A aprovação distingue-se da ratificação, que é a declaração de vontade pela qual alguém chama a si
o acto jurídico praticado por alguém em seu nome, mas sem poderes de representação. Pode haver
aprovação sem ratificação, se o dono não quiser contestar os direitos atribuídos por lei mas não quiser
chamar a si algum ou alguns dos negócios que o gestor celebrou em seu nome; e ratificação sem
aprovação, quando o dono quiser chamar a si os negócios que o gestor realizou em seu nome, mas
entender que este não respeitou a sua vontade ou não agiu em conformidade com o seu interesse.
O enriquecimento sem causa insere-se no nosso sistema da causalidade, traduzindo-se num meio de
ultima ratio, subsidiário, para que este funcione. Nos termos do art. 473.º, para que haja enriquecimento
sem causa, é necessária a verificação cumulativa de três requisitos: enriquecimento de uma pessoa; sem
causa justificativa; e obtida à custa de outrem.

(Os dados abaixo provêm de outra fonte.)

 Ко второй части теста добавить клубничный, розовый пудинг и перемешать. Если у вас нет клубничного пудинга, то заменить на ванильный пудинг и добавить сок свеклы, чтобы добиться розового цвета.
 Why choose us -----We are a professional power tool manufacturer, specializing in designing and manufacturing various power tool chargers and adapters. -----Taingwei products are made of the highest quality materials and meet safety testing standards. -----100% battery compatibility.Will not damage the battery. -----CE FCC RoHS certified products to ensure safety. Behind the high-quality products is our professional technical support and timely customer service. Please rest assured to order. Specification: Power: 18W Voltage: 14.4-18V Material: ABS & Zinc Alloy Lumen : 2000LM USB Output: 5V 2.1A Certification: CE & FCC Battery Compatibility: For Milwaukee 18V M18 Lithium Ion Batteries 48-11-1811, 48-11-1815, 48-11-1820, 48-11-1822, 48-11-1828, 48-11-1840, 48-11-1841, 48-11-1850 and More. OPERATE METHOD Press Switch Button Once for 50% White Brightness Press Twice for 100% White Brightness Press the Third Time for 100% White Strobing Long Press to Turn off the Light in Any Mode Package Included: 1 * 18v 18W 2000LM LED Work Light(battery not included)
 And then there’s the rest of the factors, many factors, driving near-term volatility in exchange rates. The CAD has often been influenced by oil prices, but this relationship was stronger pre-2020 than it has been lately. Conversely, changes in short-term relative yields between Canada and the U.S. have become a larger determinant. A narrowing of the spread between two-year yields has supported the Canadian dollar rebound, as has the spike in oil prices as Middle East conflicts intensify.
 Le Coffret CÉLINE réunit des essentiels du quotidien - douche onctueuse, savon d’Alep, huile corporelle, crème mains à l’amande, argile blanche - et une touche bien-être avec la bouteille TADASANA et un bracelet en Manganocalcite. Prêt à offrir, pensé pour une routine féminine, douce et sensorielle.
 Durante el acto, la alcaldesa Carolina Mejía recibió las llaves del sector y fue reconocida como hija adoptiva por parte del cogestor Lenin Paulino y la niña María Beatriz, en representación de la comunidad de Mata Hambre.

Esta distinção faz-se no âmbito do primeiro requisito. O enriquecimento consiste na obtenção de
uma vantagem de carácter patrimonial, qualquer que seja a sua forma: aumento do activo, diminuição do
passivo, uso ou consumo de coisa alheia, exercício de direito alheio, etc. A vantagem patrimonial na
origem do enriquecimento pode ser considerada objectivamente, de forma isolada, ou medida através da
projecção concreta na situação patrimonial do beneficiário. No primeiro caso temos um enriquecimento
real; e no segundo, um enriquecimento patrimonial, sendo este dado pela diferença entre a situação em
que o beneficiário se encontra e aquela em que se encontraria não fosse o enriquecimento. Por exemplo,
A ocupa indevidamente um prédio durante 1 mês: o enriquecimento real é dado pela renda normal do
prédio, de 500€. O enriquecimento patrimonial é dado pelo valor da renda que o beneficiário estaria
disposto a pagar, ou teria de pagar, se não fosse o aparecimento do prédio e a convicção de que o poderia
ocupar sem despesa: se só tivesse disposto a pagar 300€, o enriquecimento patrimonial seria de 200€. Na
fixação do enriquecimento patrimonial influi não só o conhecimento dos encargos que o beneficiário
estaria disposto a dar (situação hipotética), como também a utilização que ele tenha efectivamente dado à
vantagem adquirida (situação real actual).